Охота на ясновидца - Анатолий Королев 37 стр.


Падшее создание, стараясь не разбудить любовника, выскользнуло из-под простыни и, нашарив рукой пачку сигарет, встает у раскрытого окна. Он гол, как и я, если не считать упомянутого выше лифчика. Его ягодицы украшены татуировкой.

Я слышу как щелкает зажигалка.

Слышу шум ночного ветра.

Чувствую сладкий дымок сигареты.

Нет! Он меня не видит, но чувствует неясную тревогу.

Аккуратный стук в дверь.

Это охранник. Самая настоящая горилла!

- Маша, все спокойно. Никого. Горилла одета в бронежилет. Ого! Это же мафия!

Он говорит - МашА, - делая ударение на последнем слоге. Так это женское имя звучит почти по-мужски.

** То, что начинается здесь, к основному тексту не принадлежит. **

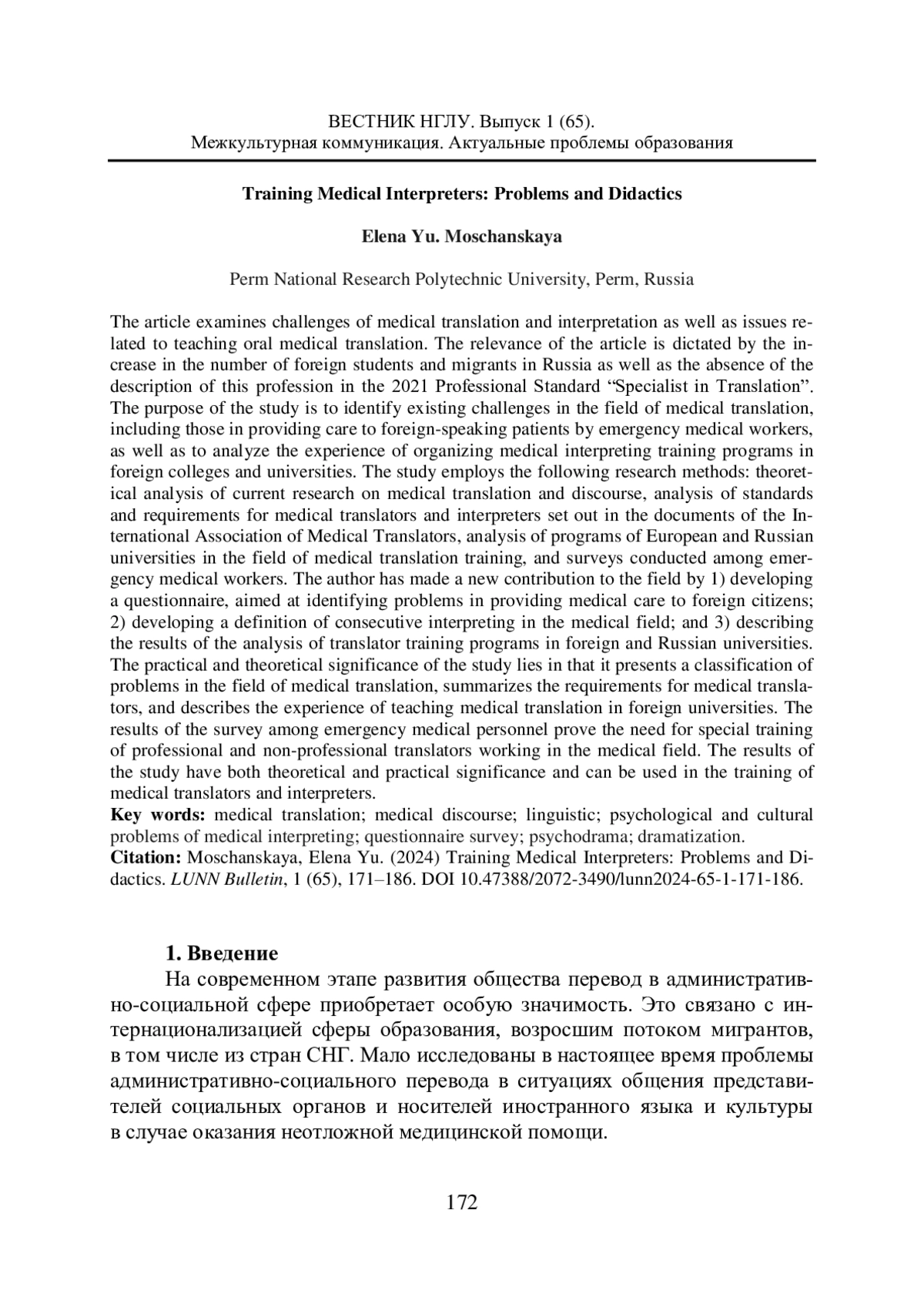 Статья посвящена проблемам медицинского перевода и вопросам обучения устному медицинскому переводу. Актуальность статьи обусловлена увеличением числа иностранных студентов и мигрантов в России, отсутствием описания данной специальности в профессиональном стандарте «Специалист в области перевода» от 2021 года. Цель исследования - выявление проблем медицинского перевода, в том числе и при оказании помощи иноязычным пациентам работниками скорой медицинской помощи, а также анализ опыта организации обучения устному медицинскому переводу в зарубежных вузах. Для достижения поставленной цели использовались следующие методы исследования: теоретический анализ работ, посвященных медицинскому переводу и дискурсу, рассмотрение требований к медицинским переводчикам, изложенных в документах Международной ассоциации устных медицинских переводчиков, анализ программ европейских университетов в сфере обучения медицинскому переводу, анкетирование сотрудников скорой медицинской помощи. Научная новизна состоит в том, что автором разработана анкета для выявления проблем при оказании медицинской помощи иностранным гражданам, предложено авторское определение устного последовательного перевода в медицинской сфере, описаны результаты анализа программ подготовки переводчиков в зарубежных вузах. Представлен перечень проблем в сфере медицинского перевода, обобщены требования к медицинским переводчикам, описан опыт обучения медицинскому переводу в зарубежных вузах. Результаты анкетирования работников скорой медицинской помощи доказывают необходимость подготовки профессиональных и повышения квалификации непрофессиональных переводчиков, работающих в медицинской сфере. Результаты исследования имеют как теоретическую, так и практическую значимость и могут быть использованы при подготовке медицинских переводчиков.

Они говорят полушепотом, чтобы не разбудить хозяина.

- Извини, Виталь, у меня месячные, - шутит юнец, не оглядываясь.

Он бодрится, но я чую, как кошки скребут у него на сердце. Вижу отражение лица на створке окна - глаза полны слез. Какая интуиция! Он ощутил, что в дом пришла смерть и тайно звякает столовым серебром, считая ложки и вилки, щупает простыни - приданое мертвеца… что живыми уже не быть.

Мордоворот прикрывает дверь.

Толчком силы я погружаюсь по щиколотки, по колени, по грудь, по шею! - в паркетный пол и - спрыгиваю с потолка в темноту нижней комнаты. Это первый этаж. Кабинет! Но я не могу открыть ни одного ящика. Не могу перелистнуть листочка календаря на рабочем столе. Нажать клавишу компьютера!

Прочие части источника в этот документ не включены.